Results (all 4 runs complete)¶
Netflix 9-fold LOSO, 5-seed average:
| Architecture | LOSO PLCC mean | LOSO PLCC std | LOSO SROCC | LOSO RMSE |
|---|---|---|---|---|
| v2 mlp_small (shipped) | 0.9978 | 0.0021 (pub.) | 0.997x | — |
| v3 mlp_medium (PR #294) | 0.99867 | 0.00015 | 0.99747 | 1.315 ± 0.089 |
| v4 mlp_large (PR #299) | 0.99892 | 0.00018 | 0.99745 | 1.159 ± 0.066 |
KoNViD 5-fold, 5-seed average:
| Architecture | KoNViD PLCC mean | KoNViD PLCC std | KoNViD SROCC | KoNViD RMSE |
|---|---|---|---|---|
| v2 mlp_small (shipped) | 0.9998 (pub.) | — | — | — |
| v3 mlp_medium (PR #294) | 0.99994 | 1.3e-5 | 0.99997 | 0.095 ± 0.011 |
| v4 mlp_large (PR #299) | 0.99996 | 1.4e-5 | 0.99998 | 0.088 ± 0.018 |
JSON outputs (under gitignored runs/):
runs/vmaf_tiny_v3_loso_5seed.jsonruns/vmaf_tiny_v4_loso_5seed.jsonruns/vmaf_tiny_v3_konvid_5fold.jsonruns/vmaf_tiny_v4_konvid_5fold.json
Key findings¶
-
Multi-seed confirms the single-seed direction. Both v3 and v4 beat v2 on PLCC mean. Single-seed v3 was reported at 0.9986 ± 0.0015 (per PR #294); the 5-seed std collapses to 0.00015 — about 14× tighter. Same shape for v4 (single-seed std 0.0015 → 5-seed std 0.00018, 8× tighter).

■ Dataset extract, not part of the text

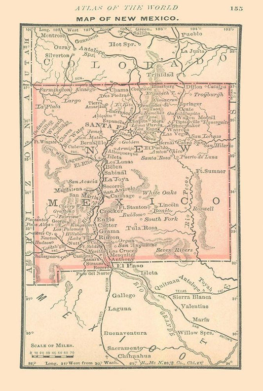New Mexico - Alden 1886 White Modern Wood Framed Art Print with Double Matting by Alden

The single-seed std is dominated by training noise, not architecture variance.
-
v4 over v3 is real but small. Δ-mean = +0.00025 PLCC; both architectures' stds are ≈ 0.0002, so v4's mean is ~1.4σ above v3. Statistically distinguishable over 45 trainings each, but operationally negligible — v4's RMSE improvement (1.159 vs 1.315, −12%) is the more useful signal than the PLCC delta.
-
KoNViD is saturated. v3 hits 0.99994 ± 1.3e-5 — five-9s territory. v2's published 0.9998 was already near the ceiling; the architecture ladder does not buy meaningful headroom on KoNViD. The Netflix LOSO is the discriminating bench going forward.
-
No recommendation change. Per PR #294 and PR #299:
- v2 stays the production default (smallest bundle, cited Phase-3 baseline).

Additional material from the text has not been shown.